[EXERCISE GOAL]: Bring together copies of the lines in the data below that contain the word "あまおうのミルフィーユ".

[RECORDS TO PROCESS]:
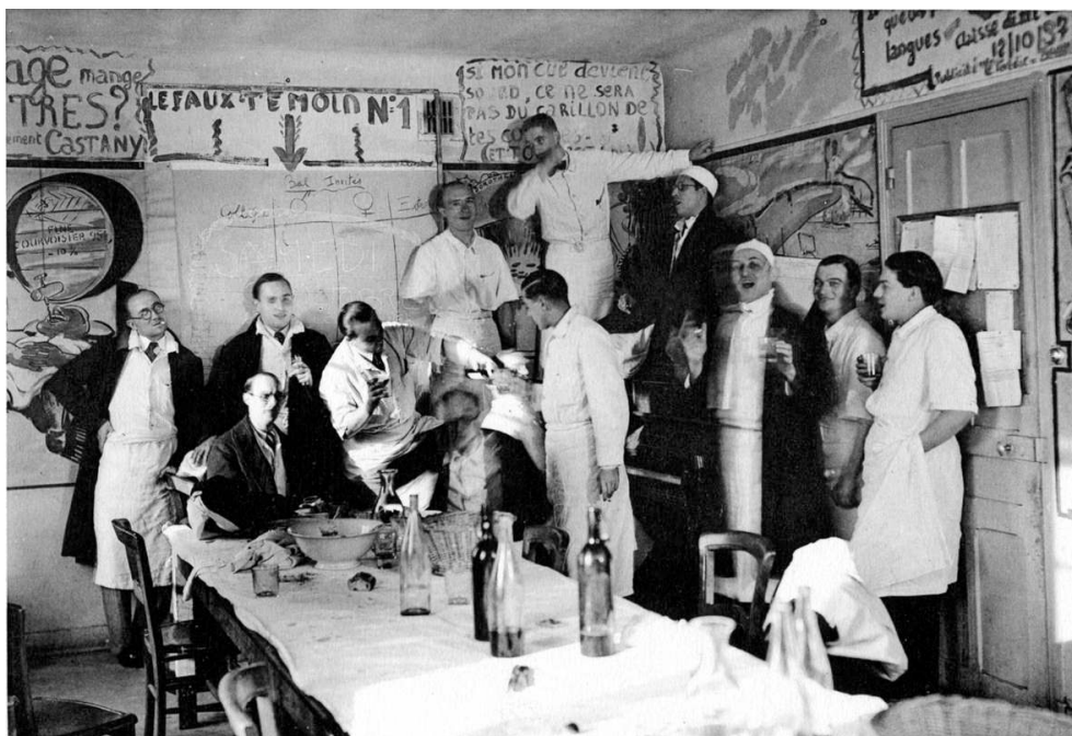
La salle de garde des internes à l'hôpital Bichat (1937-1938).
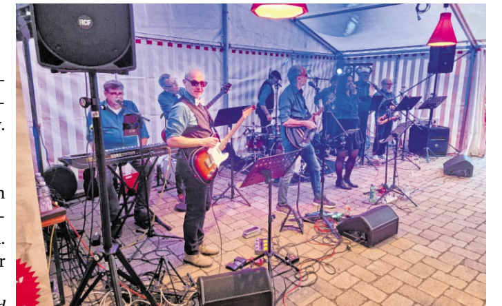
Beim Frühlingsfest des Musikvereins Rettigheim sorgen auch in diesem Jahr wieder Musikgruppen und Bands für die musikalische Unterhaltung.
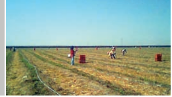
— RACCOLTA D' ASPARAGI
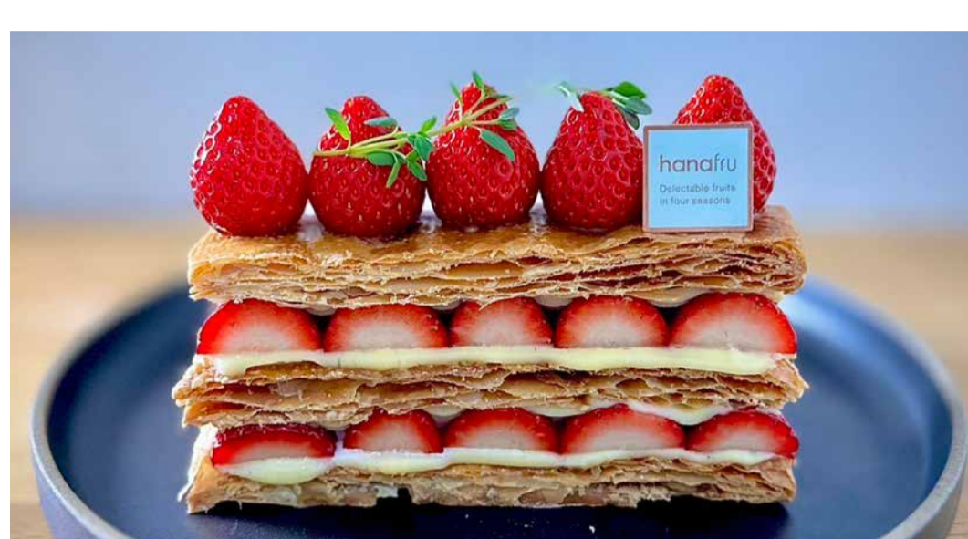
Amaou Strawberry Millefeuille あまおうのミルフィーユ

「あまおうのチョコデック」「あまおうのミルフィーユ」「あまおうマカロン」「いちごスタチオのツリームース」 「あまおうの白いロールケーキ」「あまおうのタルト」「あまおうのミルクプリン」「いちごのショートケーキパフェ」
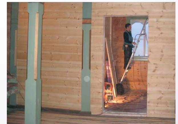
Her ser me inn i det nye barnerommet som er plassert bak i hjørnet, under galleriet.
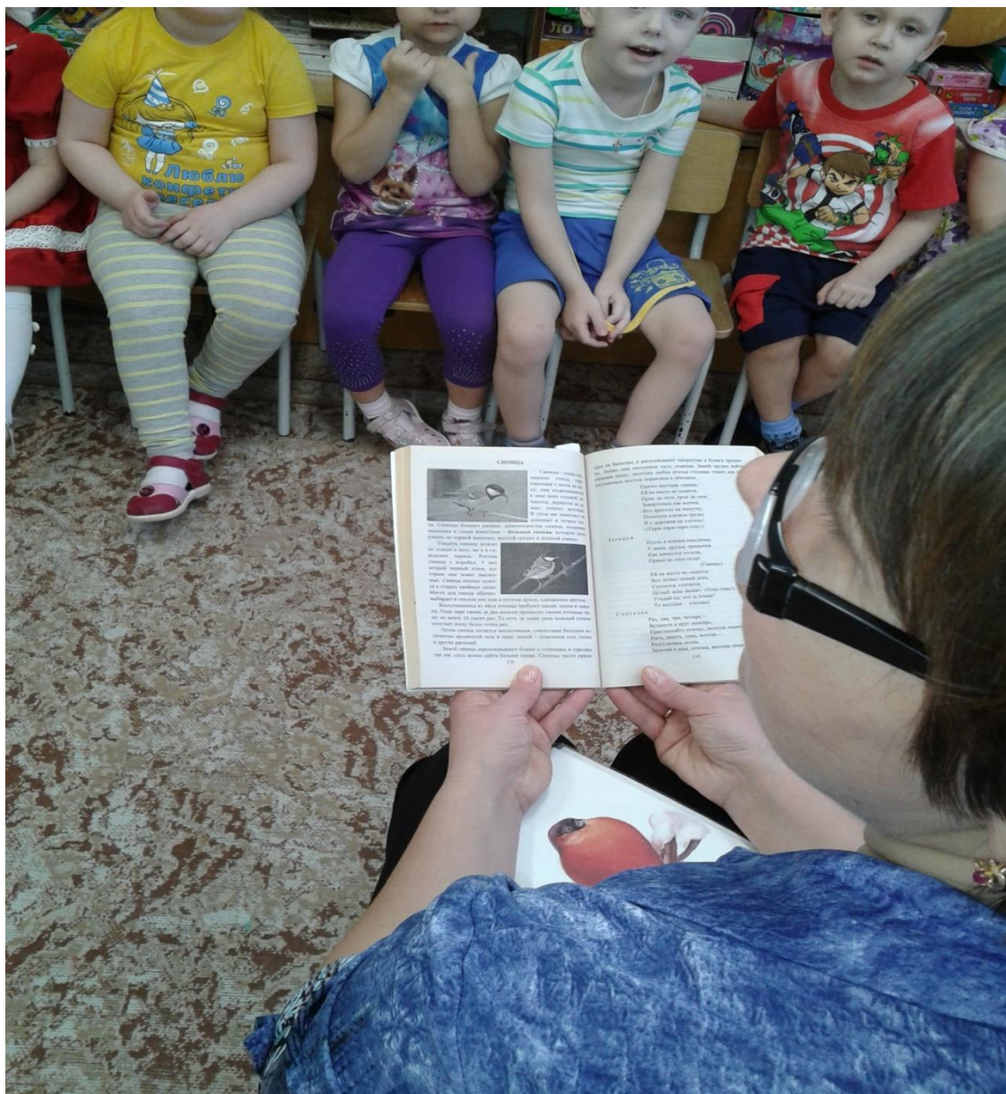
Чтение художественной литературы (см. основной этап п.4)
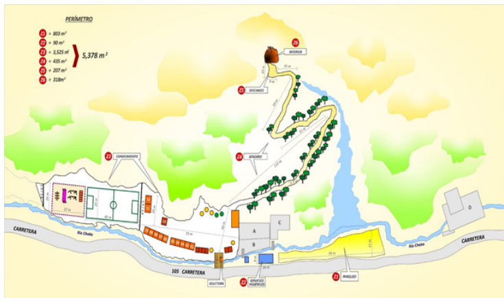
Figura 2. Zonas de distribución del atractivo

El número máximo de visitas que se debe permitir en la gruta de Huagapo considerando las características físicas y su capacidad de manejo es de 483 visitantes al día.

[EXERCISE RESULT]:
Amaou Strawberry Millefeuille あまおうのミルフィーユ
「あまおうのチョコデック」「あまおうのミルフィーユ」「あまおうマカロン」「いちごスタチオのツリームース」 「あまおうの白いロールケーキ」「あまおうのタルト」「あまおうのミルクプリン」「いちごのショートケーキパフェ」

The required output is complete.